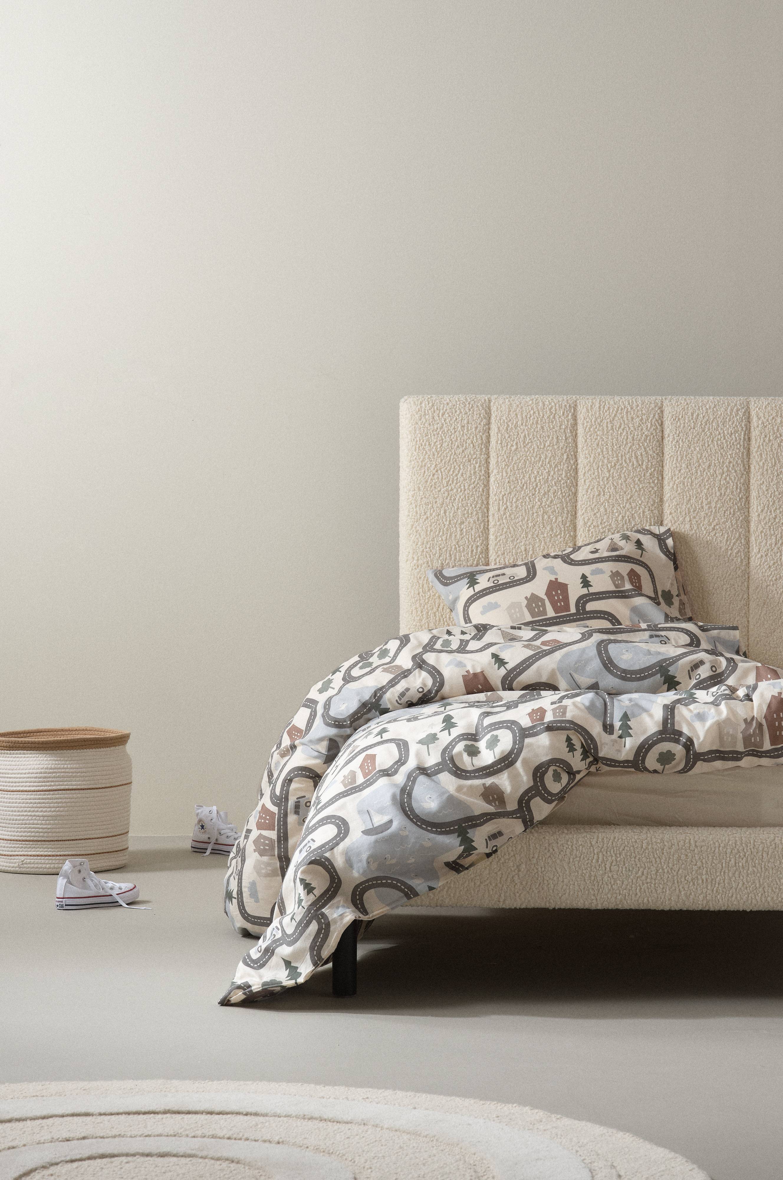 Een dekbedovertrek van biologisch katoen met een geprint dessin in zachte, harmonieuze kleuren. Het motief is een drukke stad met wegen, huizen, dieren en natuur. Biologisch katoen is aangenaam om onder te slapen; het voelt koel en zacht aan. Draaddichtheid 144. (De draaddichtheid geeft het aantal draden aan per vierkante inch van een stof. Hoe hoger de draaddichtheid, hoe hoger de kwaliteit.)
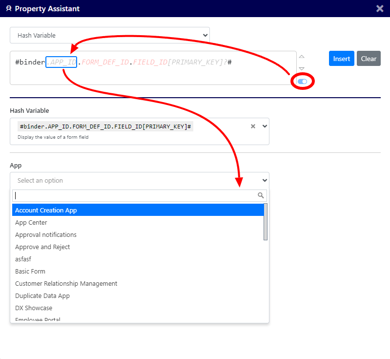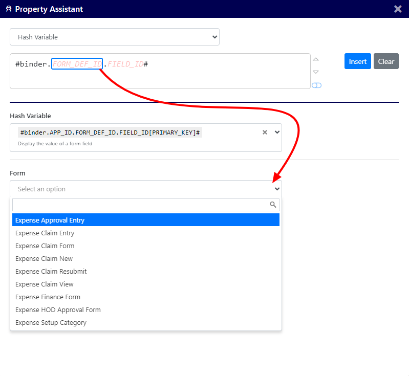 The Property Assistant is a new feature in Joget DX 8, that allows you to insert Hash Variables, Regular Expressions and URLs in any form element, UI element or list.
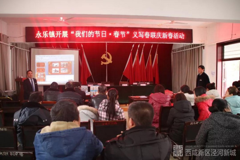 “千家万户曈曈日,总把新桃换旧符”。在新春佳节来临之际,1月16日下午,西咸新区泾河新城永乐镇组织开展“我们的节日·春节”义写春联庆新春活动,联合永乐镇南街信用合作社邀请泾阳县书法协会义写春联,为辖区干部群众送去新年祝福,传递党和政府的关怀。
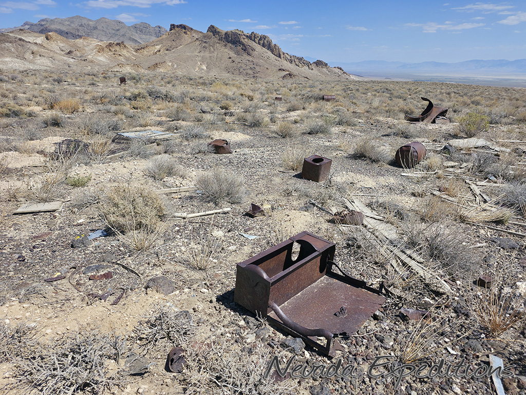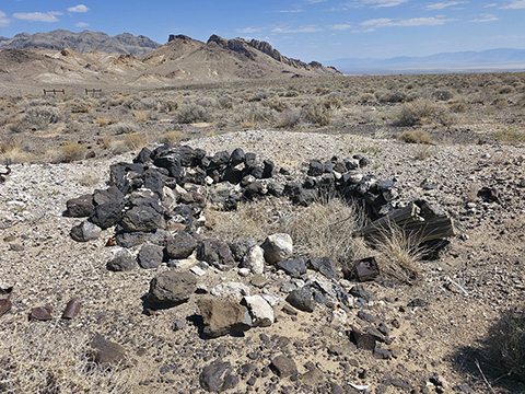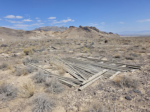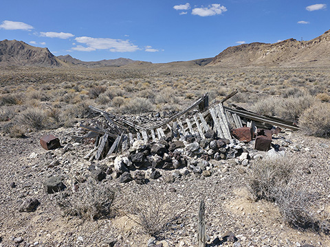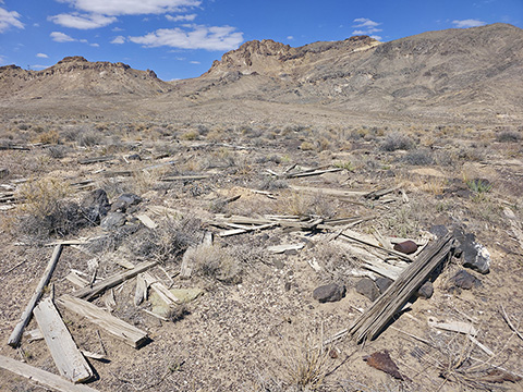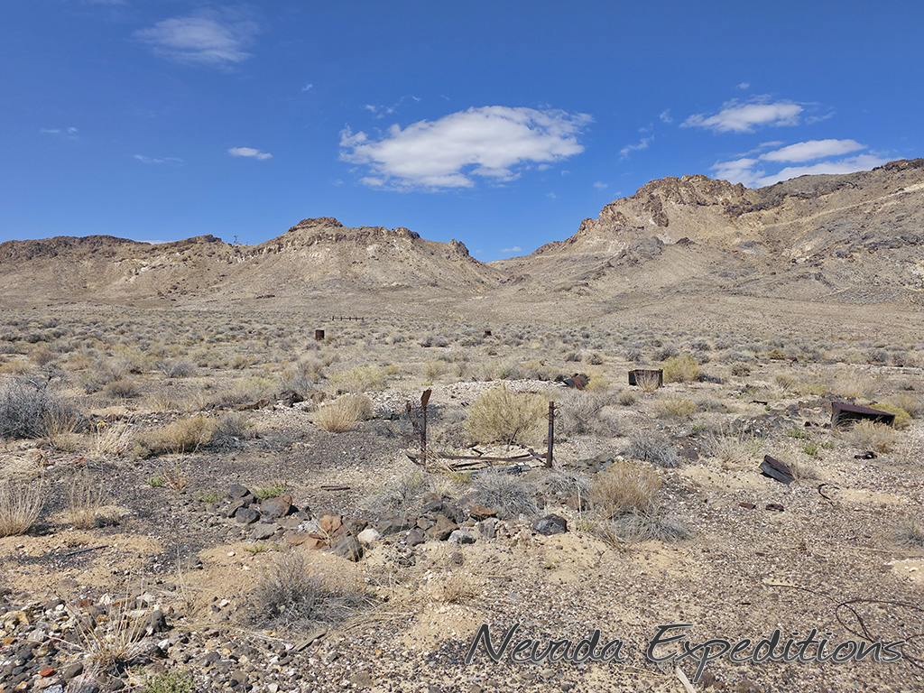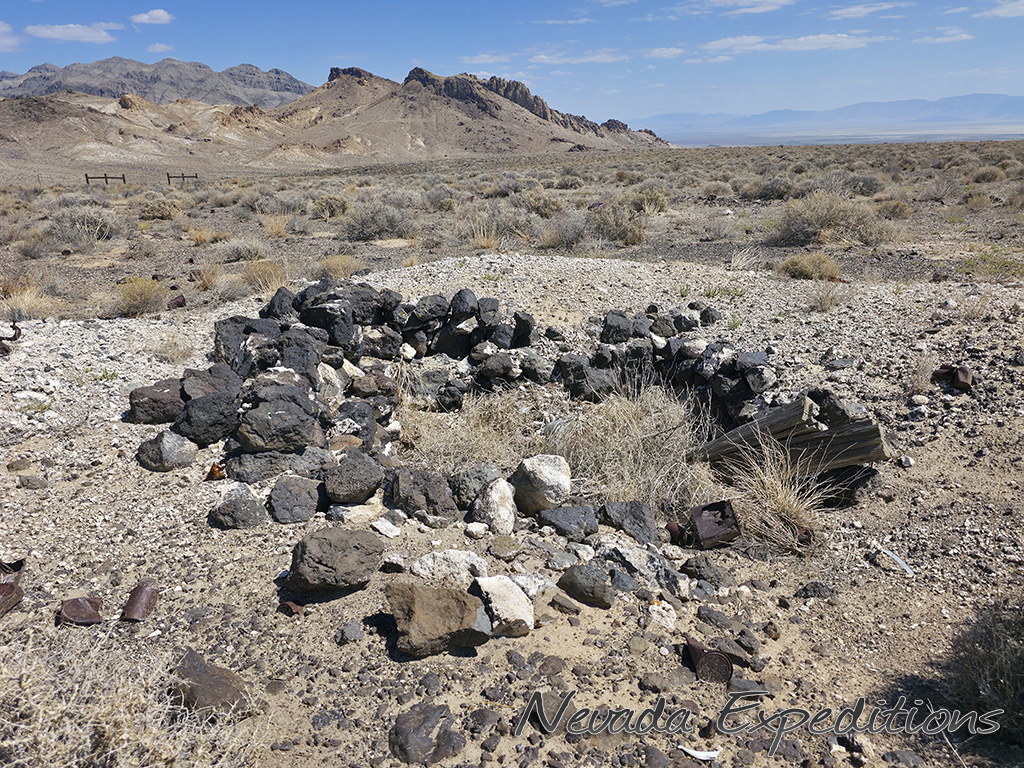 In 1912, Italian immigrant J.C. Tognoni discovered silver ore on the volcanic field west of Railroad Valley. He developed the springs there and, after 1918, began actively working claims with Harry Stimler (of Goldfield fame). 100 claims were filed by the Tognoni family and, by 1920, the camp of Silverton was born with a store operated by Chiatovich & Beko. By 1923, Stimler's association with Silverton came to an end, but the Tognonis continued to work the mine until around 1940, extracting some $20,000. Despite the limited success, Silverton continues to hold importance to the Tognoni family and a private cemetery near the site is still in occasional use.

==

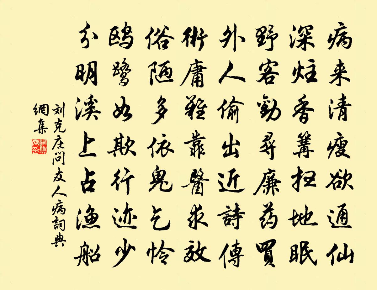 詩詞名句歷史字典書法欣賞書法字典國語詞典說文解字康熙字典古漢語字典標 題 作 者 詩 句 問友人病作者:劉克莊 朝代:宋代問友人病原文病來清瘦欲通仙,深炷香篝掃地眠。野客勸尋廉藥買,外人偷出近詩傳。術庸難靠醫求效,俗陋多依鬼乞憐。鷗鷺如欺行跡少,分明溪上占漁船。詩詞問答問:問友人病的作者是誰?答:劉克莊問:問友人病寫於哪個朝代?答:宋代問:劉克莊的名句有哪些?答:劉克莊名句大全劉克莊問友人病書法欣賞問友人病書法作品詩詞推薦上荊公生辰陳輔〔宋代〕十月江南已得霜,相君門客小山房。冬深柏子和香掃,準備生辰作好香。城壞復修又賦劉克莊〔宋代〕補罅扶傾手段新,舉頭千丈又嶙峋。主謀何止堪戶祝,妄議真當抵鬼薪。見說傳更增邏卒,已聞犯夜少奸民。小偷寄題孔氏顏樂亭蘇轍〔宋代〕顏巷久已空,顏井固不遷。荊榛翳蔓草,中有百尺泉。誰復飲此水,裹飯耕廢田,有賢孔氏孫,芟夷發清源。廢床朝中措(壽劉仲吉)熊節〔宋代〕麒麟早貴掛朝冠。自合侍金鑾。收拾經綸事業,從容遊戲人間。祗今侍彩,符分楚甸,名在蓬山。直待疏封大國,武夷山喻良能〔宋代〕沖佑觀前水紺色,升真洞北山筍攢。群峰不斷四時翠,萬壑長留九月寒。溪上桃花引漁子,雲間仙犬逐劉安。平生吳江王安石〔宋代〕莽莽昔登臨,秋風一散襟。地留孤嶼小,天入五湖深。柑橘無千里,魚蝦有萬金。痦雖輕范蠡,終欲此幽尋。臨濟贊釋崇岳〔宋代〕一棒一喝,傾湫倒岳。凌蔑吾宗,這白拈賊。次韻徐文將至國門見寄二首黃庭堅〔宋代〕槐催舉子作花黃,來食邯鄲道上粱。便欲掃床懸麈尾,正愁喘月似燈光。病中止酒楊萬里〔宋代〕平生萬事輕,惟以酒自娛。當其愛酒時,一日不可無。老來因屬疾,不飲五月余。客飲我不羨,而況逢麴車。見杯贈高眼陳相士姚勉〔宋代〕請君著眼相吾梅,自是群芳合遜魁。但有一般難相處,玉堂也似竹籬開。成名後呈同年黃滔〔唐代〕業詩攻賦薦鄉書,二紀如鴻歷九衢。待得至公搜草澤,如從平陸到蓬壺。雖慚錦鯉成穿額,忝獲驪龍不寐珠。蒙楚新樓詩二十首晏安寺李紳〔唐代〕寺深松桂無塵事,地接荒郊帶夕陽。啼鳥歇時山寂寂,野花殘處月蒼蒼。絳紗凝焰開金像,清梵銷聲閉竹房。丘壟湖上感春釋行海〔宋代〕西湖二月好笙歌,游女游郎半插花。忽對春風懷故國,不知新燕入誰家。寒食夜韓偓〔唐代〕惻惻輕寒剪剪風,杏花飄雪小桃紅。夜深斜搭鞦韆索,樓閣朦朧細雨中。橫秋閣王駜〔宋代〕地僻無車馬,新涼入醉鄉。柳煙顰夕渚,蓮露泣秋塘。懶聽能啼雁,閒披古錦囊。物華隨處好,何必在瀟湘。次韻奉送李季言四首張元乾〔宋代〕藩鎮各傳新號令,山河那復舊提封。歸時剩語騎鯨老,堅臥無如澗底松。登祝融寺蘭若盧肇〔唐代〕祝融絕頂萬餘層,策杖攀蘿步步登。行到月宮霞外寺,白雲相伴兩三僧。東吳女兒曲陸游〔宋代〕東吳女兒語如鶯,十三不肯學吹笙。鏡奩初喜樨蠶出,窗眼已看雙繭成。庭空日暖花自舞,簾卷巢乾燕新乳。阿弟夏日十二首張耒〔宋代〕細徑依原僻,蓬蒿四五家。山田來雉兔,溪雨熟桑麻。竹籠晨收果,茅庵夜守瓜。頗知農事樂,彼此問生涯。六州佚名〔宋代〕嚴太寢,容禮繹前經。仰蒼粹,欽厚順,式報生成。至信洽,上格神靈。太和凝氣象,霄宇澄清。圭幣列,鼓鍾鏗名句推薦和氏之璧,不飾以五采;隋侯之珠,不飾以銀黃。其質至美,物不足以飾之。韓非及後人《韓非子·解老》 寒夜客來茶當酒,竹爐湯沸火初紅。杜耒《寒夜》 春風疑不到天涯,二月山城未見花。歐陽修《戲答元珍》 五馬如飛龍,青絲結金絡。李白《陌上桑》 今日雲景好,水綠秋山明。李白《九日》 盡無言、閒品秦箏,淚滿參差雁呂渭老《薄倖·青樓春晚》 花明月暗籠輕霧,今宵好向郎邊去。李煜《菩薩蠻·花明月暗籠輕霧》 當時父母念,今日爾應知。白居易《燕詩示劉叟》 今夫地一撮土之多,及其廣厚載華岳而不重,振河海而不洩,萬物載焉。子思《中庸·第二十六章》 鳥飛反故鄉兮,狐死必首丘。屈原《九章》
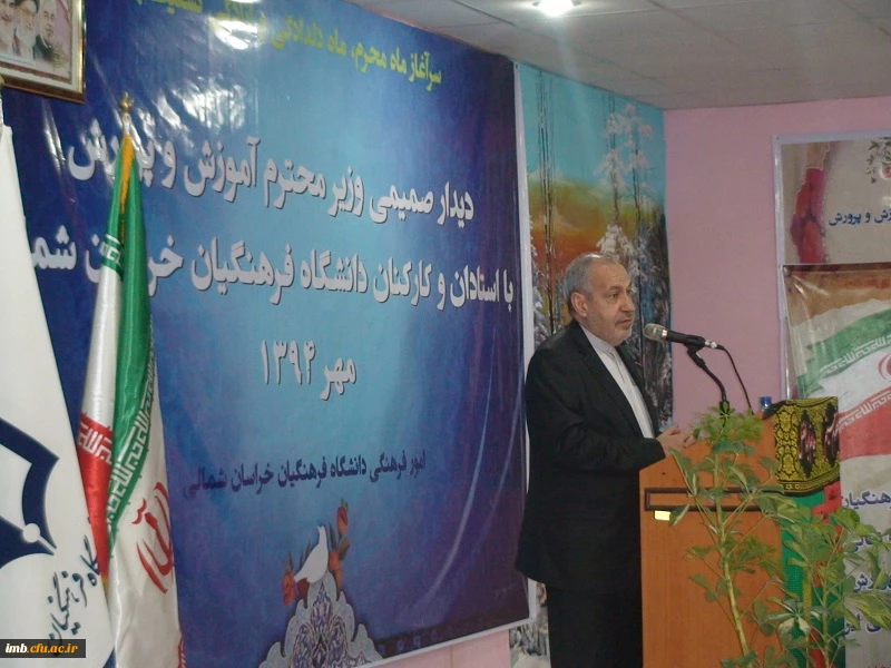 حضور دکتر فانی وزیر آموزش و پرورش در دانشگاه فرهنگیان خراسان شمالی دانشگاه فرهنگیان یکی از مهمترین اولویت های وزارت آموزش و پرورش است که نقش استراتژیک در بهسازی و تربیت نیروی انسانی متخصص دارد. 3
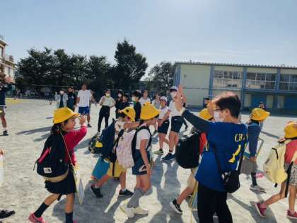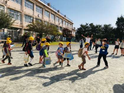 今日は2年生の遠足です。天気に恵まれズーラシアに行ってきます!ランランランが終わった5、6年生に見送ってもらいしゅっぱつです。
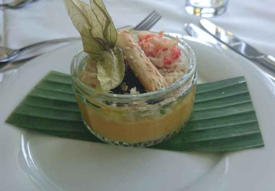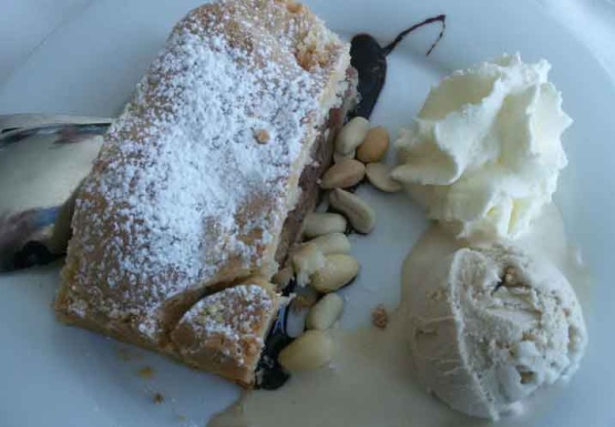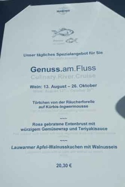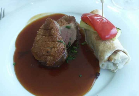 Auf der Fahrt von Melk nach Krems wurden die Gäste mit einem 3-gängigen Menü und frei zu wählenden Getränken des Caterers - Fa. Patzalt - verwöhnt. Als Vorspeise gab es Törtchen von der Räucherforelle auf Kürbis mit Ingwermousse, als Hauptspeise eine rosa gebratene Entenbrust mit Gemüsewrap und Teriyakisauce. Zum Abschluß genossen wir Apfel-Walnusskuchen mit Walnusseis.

--

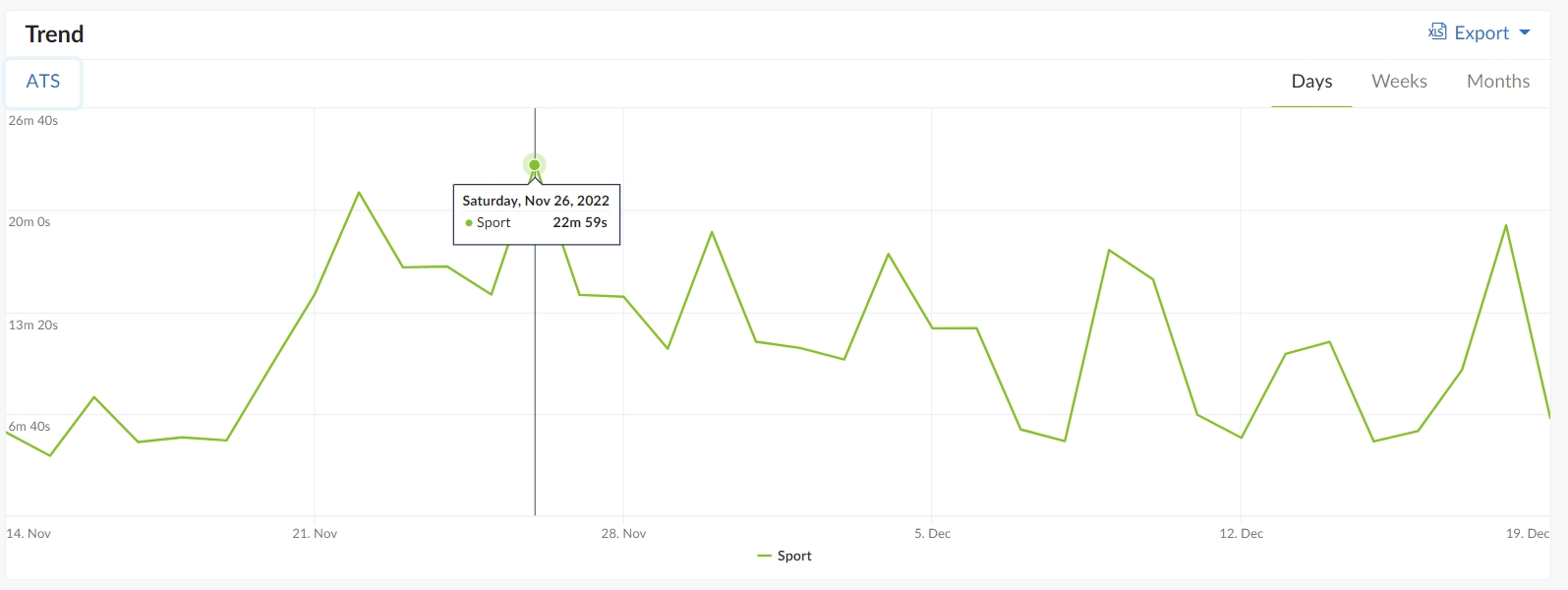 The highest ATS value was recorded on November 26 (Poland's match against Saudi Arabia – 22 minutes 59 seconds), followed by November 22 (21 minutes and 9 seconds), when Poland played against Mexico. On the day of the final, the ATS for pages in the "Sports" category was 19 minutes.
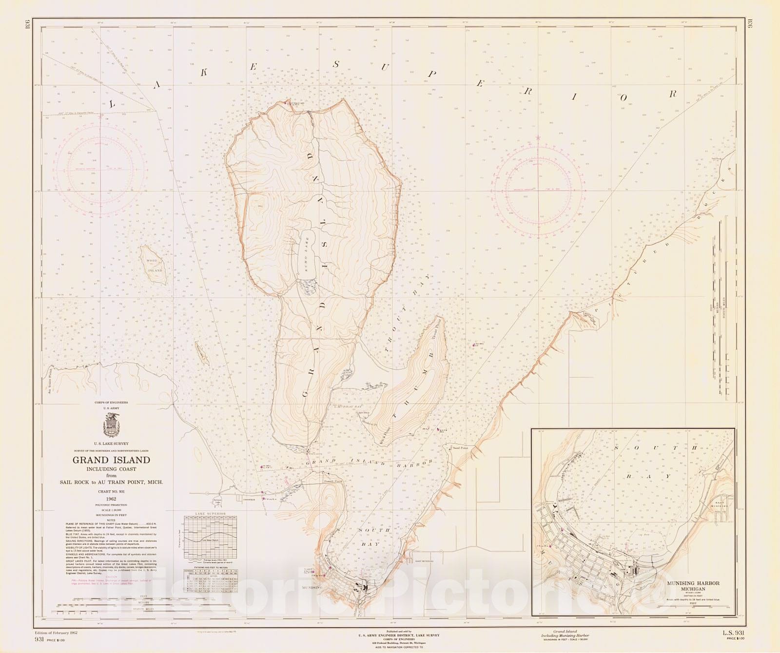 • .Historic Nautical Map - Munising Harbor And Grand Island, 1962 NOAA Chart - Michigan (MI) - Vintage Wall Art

§ **Activity**
Above are entries with pictures among them. Write out exactly the lines from the one containing "The Property Assistant" through the one containing "In 1912, Italian", ends included, and leave those pictures out.

§ **Solution to this task**
 The Property Assistant is a new feature in Joget DX 8, that allows you to insert Hash Variables, Regular Expressions and URLs in any form element, UI element or list.
 “千家万户曈曈日,总把新桃换旧符”。在新春佳节来临之际,1月16日下午,西咸新区泾河新城永乐镇组织开展“我们的节日·春节”义写春联庆新春活动,联合永乐镇南街信用合作社邀请泾阳县书法协会义写春联,为辖区干部群众送去新年祝福,传递党和政府的关怀。
 In 1912, Italian immigrant J.C. Tognoni discovered silver ore on the volcanic field west of Railroad Valley. He developed the springs there and, after 1918, began actively working claims with Harry Stimler (of Goldfield fame). 100 claims were filed by the Tognoni family and, by 1920, the camp of Silverton was born with a store operated by Chiatovich & Beko. By 1923, Stimler's association with Silverton came to an end, but the Tognonis continued to work the mine until around 1940, extracting some $20,000. Despite the limited success, Silverton continues to hold importance to the Tognoni family and a private cemetery near the site is still in occasional use.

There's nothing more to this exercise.